[Materials provided]
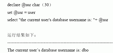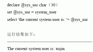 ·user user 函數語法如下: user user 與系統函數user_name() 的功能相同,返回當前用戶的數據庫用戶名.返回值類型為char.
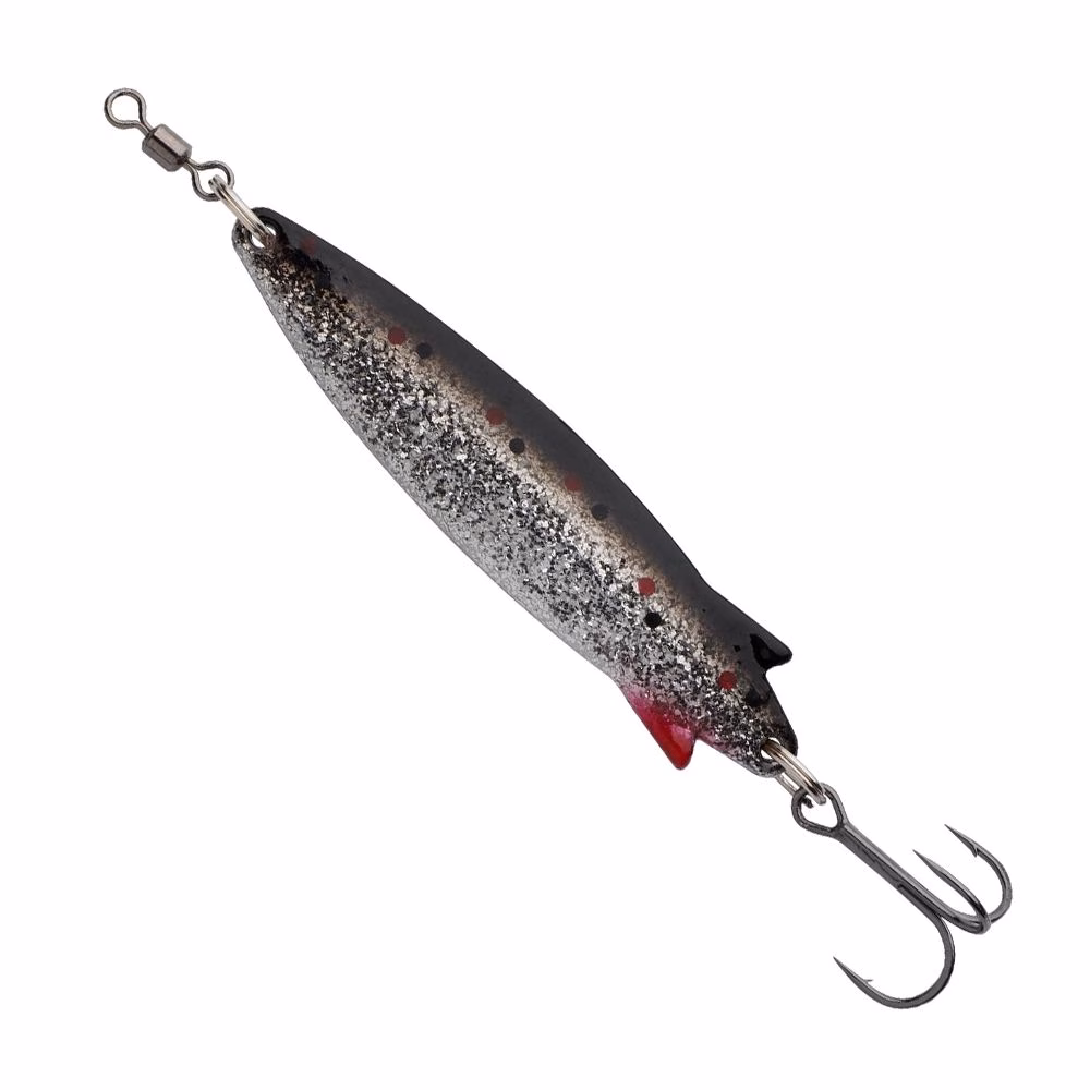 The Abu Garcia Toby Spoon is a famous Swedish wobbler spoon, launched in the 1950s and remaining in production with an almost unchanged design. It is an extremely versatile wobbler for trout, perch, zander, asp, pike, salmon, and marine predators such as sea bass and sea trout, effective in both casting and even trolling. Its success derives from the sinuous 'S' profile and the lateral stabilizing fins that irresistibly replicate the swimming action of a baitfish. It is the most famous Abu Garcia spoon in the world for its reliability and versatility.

--

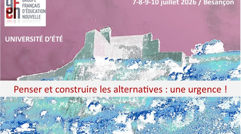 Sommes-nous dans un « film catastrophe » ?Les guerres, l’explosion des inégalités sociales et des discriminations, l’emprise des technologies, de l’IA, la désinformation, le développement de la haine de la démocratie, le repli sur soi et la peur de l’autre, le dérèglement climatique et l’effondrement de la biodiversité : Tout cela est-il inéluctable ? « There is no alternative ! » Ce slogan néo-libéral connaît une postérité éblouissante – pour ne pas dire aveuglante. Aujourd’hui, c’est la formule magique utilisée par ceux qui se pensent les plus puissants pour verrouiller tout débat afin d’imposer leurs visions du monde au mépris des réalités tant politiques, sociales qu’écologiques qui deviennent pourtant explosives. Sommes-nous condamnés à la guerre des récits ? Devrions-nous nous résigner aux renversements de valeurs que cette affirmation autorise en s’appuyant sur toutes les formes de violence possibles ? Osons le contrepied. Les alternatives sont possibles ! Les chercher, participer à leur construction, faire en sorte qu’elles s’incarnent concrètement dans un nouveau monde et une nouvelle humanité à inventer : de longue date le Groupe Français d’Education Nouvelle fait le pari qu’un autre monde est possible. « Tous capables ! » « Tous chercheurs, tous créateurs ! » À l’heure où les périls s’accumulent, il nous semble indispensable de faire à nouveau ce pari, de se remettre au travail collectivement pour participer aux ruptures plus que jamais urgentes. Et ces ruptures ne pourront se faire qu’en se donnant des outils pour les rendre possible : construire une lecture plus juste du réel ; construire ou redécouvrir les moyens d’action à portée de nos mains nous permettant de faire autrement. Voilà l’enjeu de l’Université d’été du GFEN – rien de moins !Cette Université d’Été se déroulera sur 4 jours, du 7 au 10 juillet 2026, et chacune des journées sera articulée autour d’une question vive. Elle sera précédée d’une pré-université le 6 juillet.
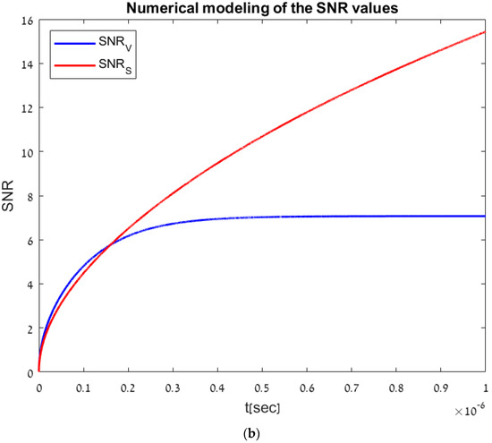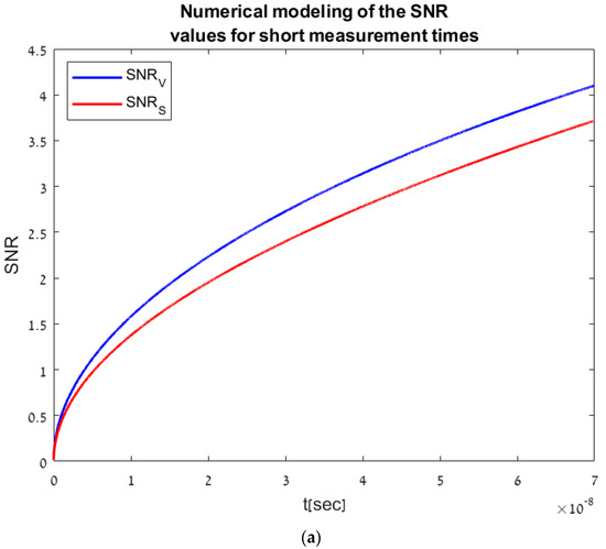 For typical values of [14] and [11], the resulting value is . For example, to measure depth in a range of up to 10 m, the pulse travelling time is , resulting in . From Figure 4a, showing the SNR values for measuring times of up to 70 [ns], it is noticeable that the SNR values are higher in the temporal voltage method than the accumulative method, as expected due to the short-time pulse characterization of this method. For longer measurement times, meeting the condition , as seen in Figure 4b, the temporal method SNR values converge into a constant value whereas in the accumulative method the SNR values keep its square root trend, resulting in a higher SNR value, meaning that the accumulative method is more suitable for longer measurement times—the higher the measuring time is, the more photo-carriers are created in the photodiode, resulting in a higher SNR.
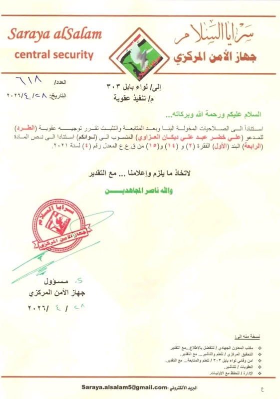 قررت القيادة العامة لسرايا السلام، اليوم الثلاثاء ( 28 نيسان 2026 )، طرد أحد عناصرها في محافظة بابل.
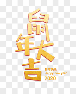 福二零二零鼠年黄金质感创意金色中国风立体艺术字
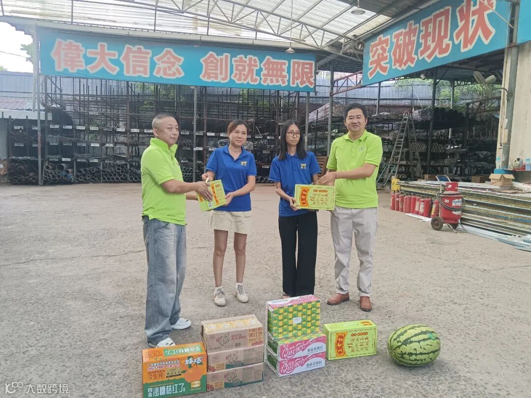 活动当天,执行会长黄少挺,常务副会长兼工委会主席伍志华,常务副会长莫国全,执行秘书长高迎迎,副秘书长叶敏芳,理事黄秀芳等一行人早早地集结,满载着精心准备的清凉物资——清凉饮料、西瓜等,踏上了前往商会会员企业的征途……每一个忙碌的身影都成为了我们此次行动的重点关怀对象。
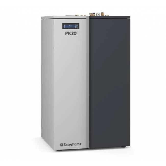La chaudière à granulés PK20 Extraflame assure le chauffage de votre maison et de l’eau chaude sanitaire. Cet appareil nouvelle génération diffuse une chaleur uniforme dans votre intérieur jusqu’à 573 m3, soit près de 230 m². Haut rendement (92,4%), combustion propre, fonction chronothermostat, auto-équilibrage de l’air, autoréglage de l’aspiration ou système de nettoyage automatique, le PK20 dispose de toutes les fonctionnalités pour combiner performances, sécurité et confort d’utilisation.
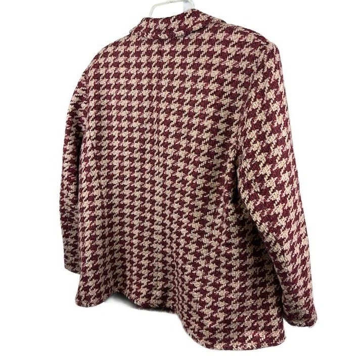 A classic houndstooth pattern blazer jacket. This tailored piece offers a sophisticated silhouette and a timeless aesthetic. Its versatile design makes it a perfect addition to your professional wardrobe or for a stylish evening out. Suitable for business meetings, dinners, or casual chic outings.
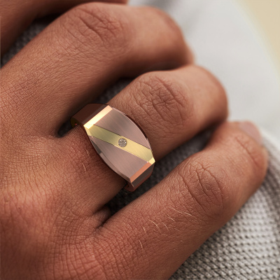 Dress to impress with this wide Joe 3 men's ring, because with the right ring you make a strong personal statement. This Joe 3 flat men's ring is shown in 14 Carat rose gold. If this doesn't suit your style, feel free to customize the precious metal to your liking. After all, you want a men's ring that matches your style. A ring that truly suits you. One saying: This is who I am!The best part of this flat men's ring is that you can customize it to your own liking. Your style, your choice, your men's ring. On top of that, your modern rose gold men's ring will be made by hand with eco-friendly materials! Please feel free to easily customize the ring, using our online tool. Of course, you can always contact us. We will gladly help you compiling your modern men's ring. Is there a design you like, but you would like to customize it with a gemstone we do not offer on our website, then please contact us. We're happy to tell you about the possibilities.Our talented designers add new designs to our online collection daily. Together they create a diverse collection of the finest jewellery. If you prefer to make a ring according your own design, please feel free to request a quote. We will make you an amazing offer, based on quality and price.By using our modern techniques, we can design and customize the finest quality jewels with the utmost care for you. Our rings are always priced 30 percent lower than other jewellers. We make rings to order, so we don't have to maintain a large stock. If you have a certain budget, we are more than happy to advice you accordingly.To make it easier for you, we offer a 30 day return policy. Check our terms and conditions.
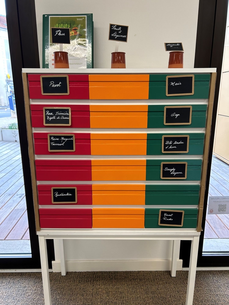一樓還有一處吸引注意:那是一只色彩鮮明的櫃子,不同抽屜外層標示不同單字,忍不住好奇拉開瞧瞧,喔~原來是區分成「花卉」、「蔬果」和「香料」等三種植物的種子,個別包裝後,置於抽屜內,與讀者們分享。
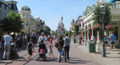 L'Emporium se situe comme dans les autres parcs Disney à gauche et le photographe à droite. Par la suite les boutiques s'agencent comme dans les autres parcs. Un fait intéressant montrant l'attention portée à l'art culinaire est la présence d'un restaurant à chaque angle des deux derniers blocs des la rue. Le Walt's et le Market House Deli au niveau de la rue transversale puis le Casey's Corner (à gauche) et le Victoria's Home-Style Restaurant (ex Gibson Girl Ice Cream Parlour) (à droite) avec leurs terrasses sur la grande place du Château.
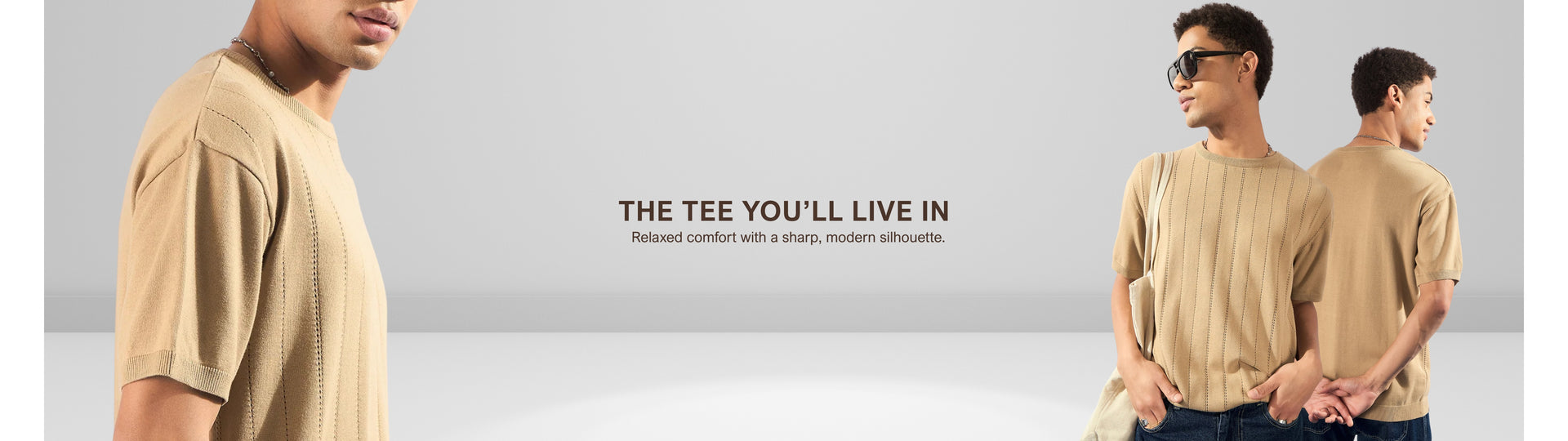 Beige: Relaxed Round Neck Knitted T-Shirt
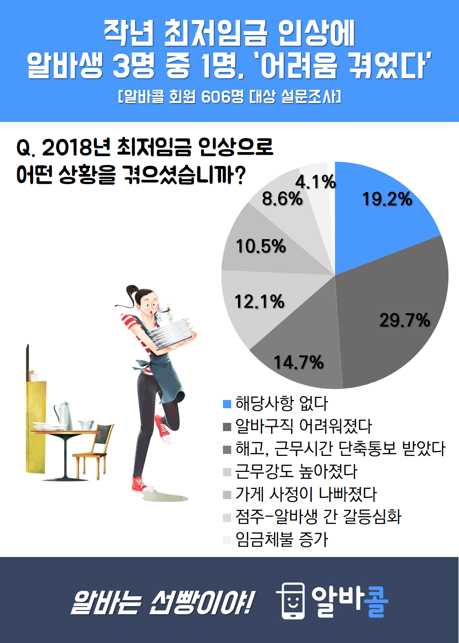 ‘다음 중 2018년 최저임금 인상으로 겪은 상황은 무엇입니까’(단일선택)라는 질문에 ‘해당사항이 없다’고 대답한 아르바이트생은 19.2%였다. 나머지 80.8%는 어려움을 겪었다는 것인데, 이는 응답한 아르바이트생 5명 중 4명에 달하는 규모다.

[Exercise aim]
Take the material above from the line bearing "L'Emporium se situe" through the line bearing "4명에 달하는 규모다." and write it out exactly, both end lines included. Pictures stay out.

[Written response]
 L'Emporium se situe comme dans les autres parcs Disney à gauche et le photographe à droite. Par la suite les boutiques s'agencent comme dans les autres parcs. Un fait intéressant montrant l'attention portée à l'art culinaire est la présence d'un restaurant à chaque angle des deux derniers blocs des la rue. Le Walt's et le Market House Deli au niveau de la rue transversale puis le Casey's Corner (à gauche) et le Victoria's Home-Style Restaurant (ex Gibson Girl Ice Cream Parlour) (à droite) avec leurs terrasses sur la grande place du Château.
 Beige: Relaxed Round Neck Knitted T-Shirt
 ‘다음 중 2018년 최저임금 인상으로 겪은 상황은 무엇입니까’(단일선택)라는 질문에 ‘해당사항이 없다’고 대답한 아르바이트생은 19.2%였다. 나머지 80.8%는 어려움을 겪었다는 것인데, 이는 응답한 아르바이트생 5명 중 4명에 달하는 규모다.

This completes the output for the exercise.